Nikky Phinyawatana thinks pumpkin pie is severely overrated. Maybe it’s the way the custard is overly spiced, or the lack of texture in each bite. “I’ve tried it so many times and it’s just not my favorite,” the Dallas-based chef behind restaurant group Asian Mint explains.
It’s not that she doesn’t like pumpkin—Thai-style pumpkin custard graces her menu in the fall, and she loves slurping a bowl of kaeng buad fakthong, a Thai dessert of soft pumpkin swimming in a sweetened coconut broth. To her, there are just so many other applications of pumpkin that are better—including savory options.

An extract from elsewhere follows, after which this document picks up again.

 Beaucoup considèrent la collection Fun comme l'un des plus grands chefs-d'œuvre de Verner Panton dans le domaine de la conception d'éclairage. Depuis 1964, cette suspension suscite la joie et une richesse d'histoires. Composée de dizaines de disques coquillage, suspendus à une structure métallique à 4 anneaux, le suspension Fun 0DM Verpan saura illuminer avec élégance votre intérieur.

“I think Americans associate pumpkin with sweet dishes more than savory here,” she says. That is not the case in Thailand, where pumpkin—or more typically kabocha squash—is stir-fried with eggs, floated in simmering hot pot broths, or added to spicy curries (it’s important to note that in Thailand, the word for pumpkin is interchangeable with most autumnal gourds, including squash).

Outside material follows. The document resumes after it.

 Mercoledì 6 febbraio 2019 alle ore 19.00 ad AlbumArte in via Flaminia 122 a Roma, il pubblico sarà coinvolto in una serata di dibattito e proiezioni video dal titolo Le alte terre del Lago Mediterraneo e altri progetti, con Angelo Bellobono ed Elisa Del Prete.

This deviation from American cuisine was the inspiration for Phinyawatana’s pumpkin massaman curry, a dish that’s introduced in the fall at her restaurants and combines the comforting sweetness of kabocha squash with fragrant spices of massaman curry paste.
“We roast the squash-slash-pumpkin before we put it in our curry and that’s how our pumpkin spice-inspired massaman curry came about.” The curry also features cashews for texture and nuttiness, creamy coconut milk, and the zip of tamarind that’s often found in Thai cooking.

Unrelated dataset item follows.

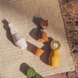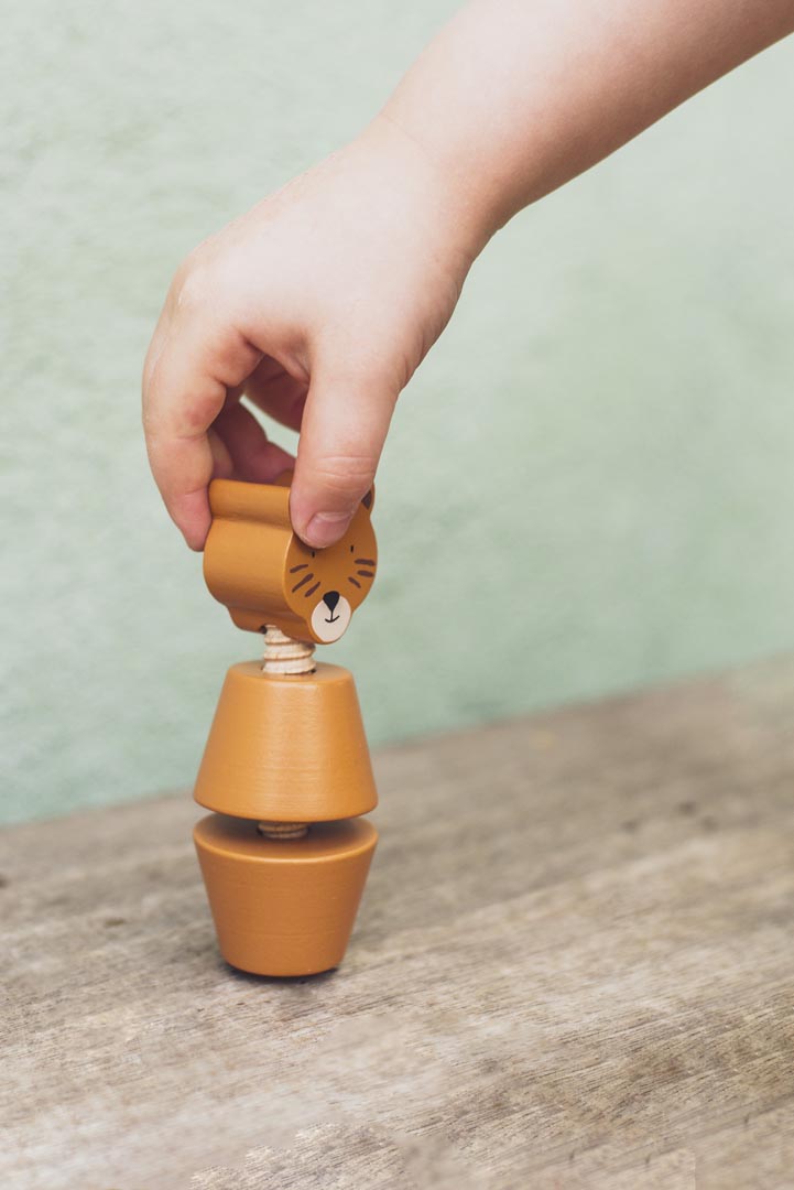 El juego contiene 4 animales diferentes. Los animales de tornillo están hechos de madera 100% certificada FSC®. Todas las pinturas de este producto son a base de agua, seguras para los niños y no tóxicas.

Phinyawatana not only wants people to abandon preconceived notions of what pumpkin can and can’t be, she wants the same for Thai food. “Even today, people don’t really know what Thai food is all about—and I think it’s a misnomer,” she says.
So 17 years ago, using both her experiences growing up in Bangkok and as a Texan, she decided to commit to cooking, education, and nourishing others through food. There’s her Chef Nikky YouTube page that details travel vlogs and video recipes, her cooking classes, and a sauce line to help home cooks uncomplicate Thai recipes. As a result, she feels like the Dallas area is now much more familiar with the food of her homeland.
“I know what Texans like and I know what the Thai palate should be, and I combine the two,” she explains. The fact that pad Thai is now considered a comfort food to Americans across the nation—especially the Texans that visit her restaurant—is a point of pride for her. “I’ve always loved to feed, I love to serve, and I really just want to represent Thai cuisine the way that I actually grew up eating it in Thailand and share it with the world over here.”
Sharing this massaman curry recipe is a step in the right direction.
Thai Pumpkin Massaman Curry Recipe by Chef Nikky
- 1 Tablespoon vegetable oil
- ¼ medium kabocha squash, cut in 2 inch pieces
- 10 ounces skinless, boneless chicken; lean beef or pork, sliced thin; shrimp; or cubed tofu
- 1 can of coconut milk (19 ounces)
- 2 Tablespoons sugar
- ½ Tablespoon kosher salt
- 3 Tablespoons tamarind juice concentrate (1 ounce of tamarind paste mixed with 2-3 ounces of water)
- 2 teaspoons paprika
- ½ cup water
- ½ yellow onion, sliced
- 3 Tablespoons Massaman curry paste, Mae Sri or Mae Ploy brand preferred
- ¾ cup cashew nut
- Garnish: green onion and cashews
1. Preheat oven to 350 degrees F. Peel the squash and cut into 2-inch pieces. Bake in the preheated oven until tender and easily pierced with a fork, about 30 minutes. Set aside.
2. Heat oil in a medium saucepan over medium high heat. Add massaman curry paste and stir to release the fragrance, about 10 seconds.
3. Add protein of choice. Cook until done, 3-5 minutes. Add coconut milk, water, tamarind juice, paprika, sugar and salt. Bring to a boil.
4. Add onions and half the cashew nuts, as well as the squash. Simmer for 10 minutes. Serve with jasmine rice. Garnish with scallions and the rest of the cashews.